Output the first line below and each one after it, exactly, up to and including the line holding "Make your bed". Pictures should not be copied.

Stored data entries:
········
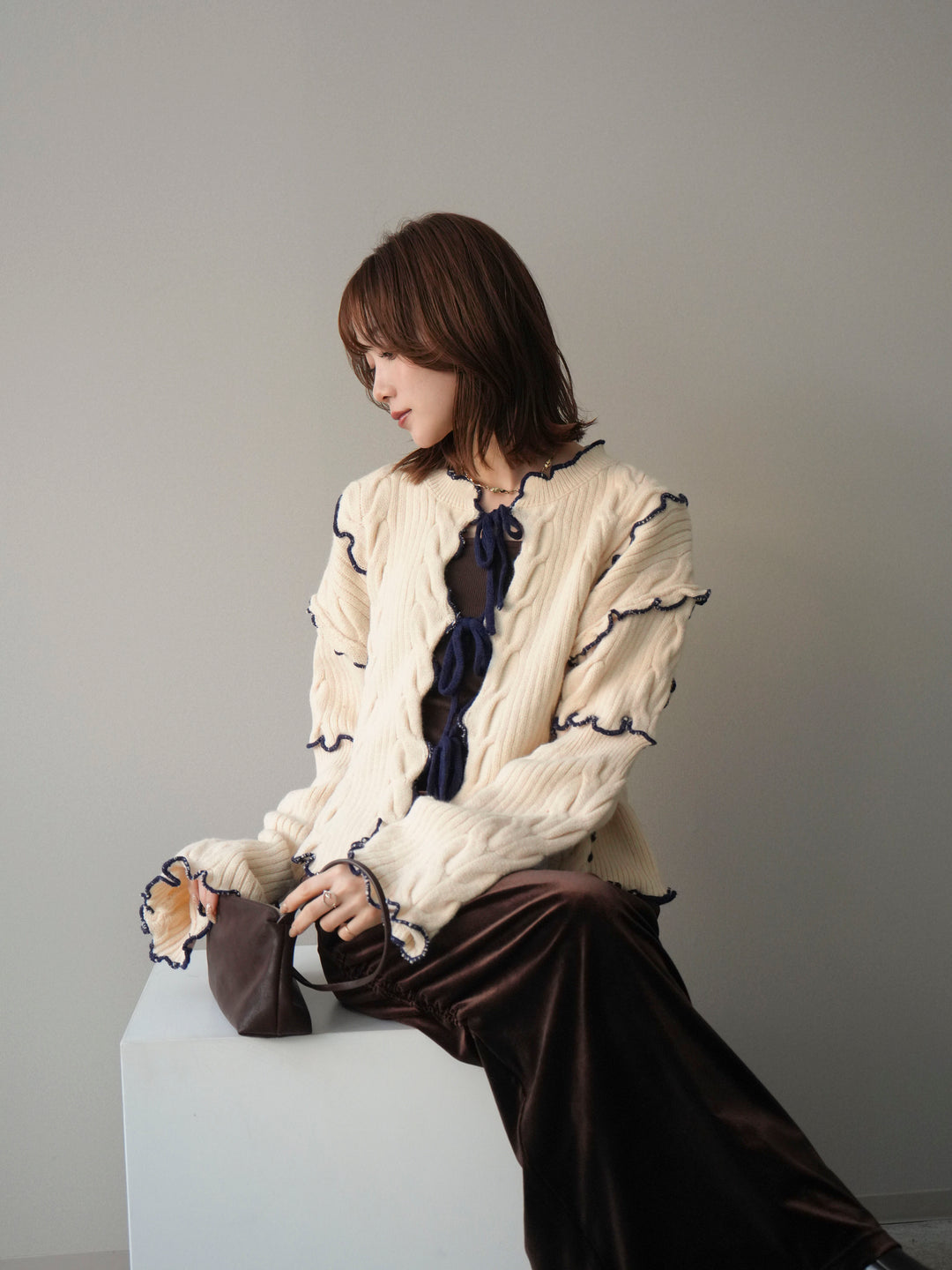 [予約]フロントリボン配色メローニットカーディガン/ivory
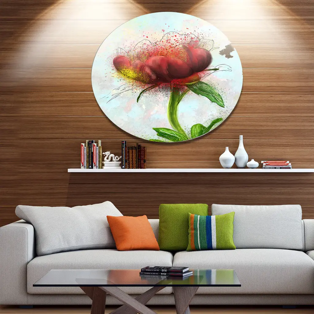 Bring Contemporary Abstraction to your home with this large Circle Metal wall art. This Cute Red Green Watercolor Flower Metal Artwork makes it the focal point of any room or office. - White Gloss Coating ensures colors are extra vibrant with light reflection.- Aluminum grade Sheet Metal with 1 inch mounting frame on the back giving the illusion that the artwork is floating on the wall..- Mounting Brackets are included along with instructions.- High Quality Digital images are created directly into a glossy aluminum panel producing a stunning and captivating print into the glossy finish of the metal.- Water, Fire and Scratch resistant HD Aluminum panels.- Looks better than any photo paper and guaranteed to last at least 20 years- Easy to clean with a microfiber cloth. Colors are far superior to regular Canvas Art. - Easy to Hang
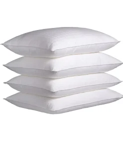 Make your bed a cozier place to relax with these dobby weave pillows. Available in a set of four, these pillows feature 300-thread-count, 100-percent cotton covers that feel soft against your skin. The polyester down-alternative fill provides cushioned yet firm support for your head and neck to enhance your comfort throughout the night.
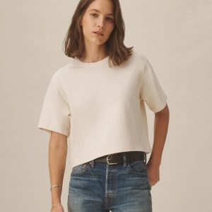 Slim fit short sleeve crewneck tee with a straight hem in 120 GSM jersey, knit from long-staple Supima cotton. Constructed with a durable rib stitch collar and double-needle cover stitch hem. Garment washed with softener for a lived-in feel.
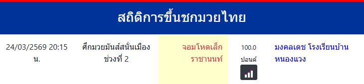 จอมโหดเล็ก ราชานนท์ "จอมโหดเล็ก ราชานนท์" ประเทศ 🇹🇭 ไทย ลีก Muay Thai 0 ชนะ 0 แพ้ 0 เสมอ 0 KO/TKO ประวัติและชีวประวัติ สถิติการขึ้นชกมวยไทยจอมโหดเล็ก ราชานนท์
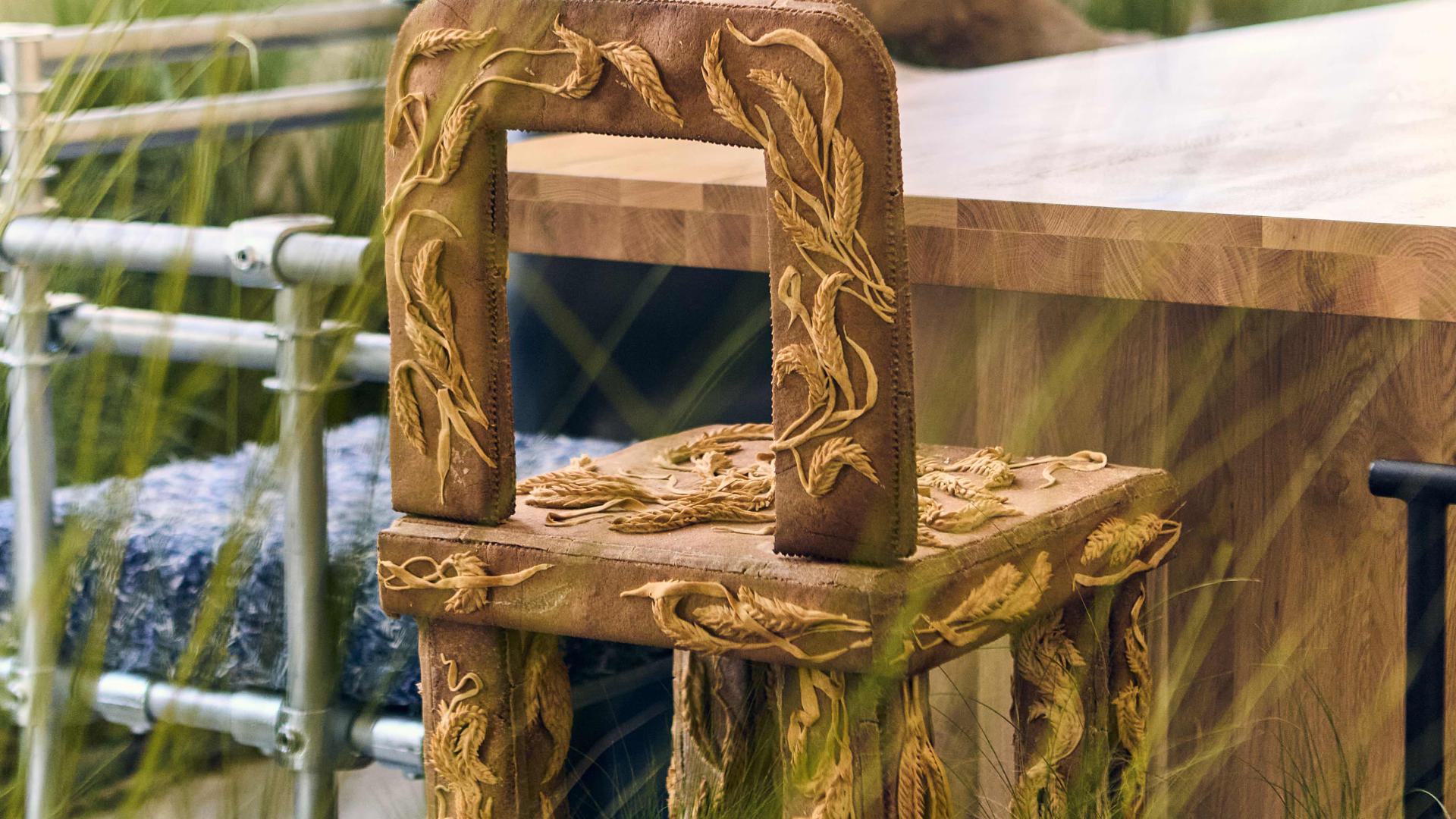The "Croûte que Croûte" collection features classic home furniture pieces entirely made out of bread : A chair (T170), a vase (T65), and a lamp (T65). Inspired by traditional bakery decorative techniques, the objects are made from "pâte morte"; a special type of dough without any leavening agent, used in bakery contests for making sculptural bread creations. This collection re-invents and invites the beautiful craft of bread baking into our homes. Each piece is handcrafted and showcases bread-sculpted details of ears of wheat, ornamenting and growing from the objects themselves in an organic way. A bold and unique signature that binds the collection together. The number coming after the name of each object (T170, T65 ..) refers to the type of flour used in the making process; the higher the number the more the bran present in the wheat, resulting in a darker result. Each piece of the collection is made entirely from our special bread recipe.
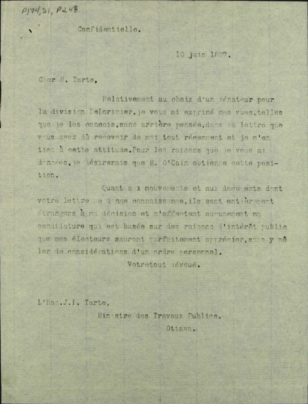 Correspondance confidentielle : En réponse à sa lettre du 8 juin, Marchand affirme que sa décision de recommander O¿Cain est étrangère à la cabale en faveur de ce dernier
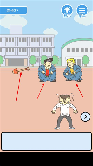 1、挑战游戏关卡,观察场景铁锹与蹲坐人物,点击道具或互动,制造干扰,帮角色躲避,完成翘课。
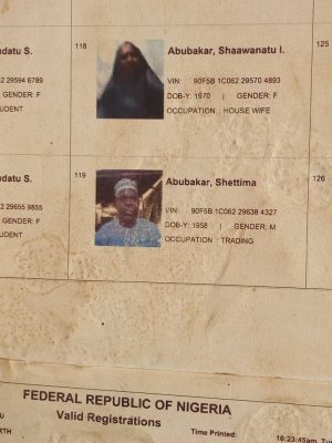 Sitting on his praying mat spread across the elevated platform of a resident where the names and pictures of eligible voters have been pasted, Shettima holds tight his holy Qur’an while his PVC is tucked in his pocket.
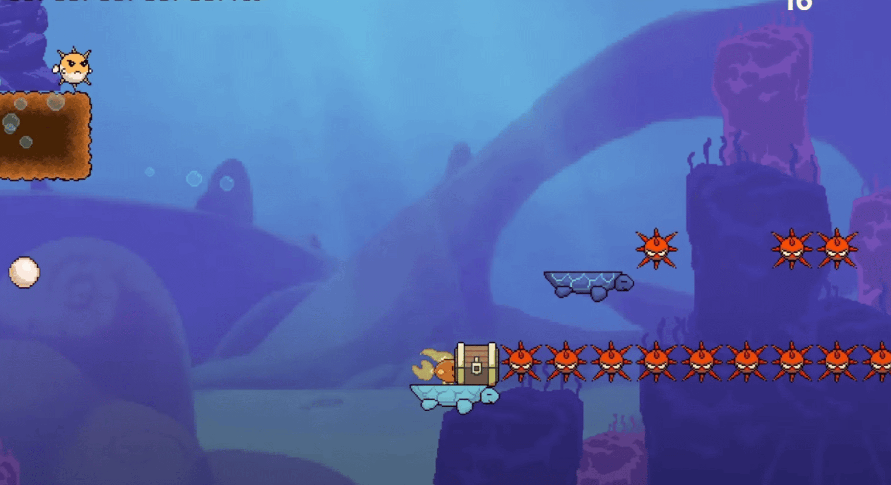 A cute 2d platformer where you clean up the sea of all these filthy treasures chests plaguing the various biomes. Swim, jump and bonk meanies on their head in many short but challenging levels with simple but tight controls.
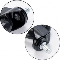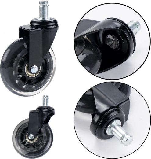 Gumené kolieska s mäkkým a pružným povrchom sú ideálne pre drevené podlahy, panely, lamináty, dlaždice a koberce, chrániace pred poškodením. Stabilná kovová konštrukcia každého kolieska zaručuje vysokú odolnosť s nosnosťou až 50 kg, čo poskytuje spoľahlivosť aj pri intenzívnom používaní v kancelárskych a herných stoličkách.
········
The completed task.
 [予約]フロントリボン配色メローニットカーディガン/ivory
 Bring Contemporary Abstraction to your home with this large Circle Metal wall art. This Cute Red Green Watercolor Flower Metal Artwork makes it the focal point of any room or office. - White Gloss Coating ensures colors are extra vibrant with light reflection.- Aluminum grade Sheet Metal with 1 inch mounting frame on the back giving the illusion that the artwork is floating on the wall..- Mounting Brackets are included along with instructions.- High Quality Digital images are created directly into a glossy aluminum panel producing a stunning and captivating print into the glossy finish of the metal.- Water, Fire and Scratch resistant HD Aluminum panels.- Looks better than any photo paper and guaranteed to last at least 20 years- Easy to clean with a microfiber cloth. Colors are far superior to regular Canvas Art. - Easy to Hang
 Make your bed a cozier place to relax with these dobby weave pillows. Available in a set of four, these pillows feature 300-thread-count, 100-percent cotton covers that feel soft against your skin. The polyester down-alternative fill provides cushioned yet firm support for your head and neck to enhance your comfort throughout the night.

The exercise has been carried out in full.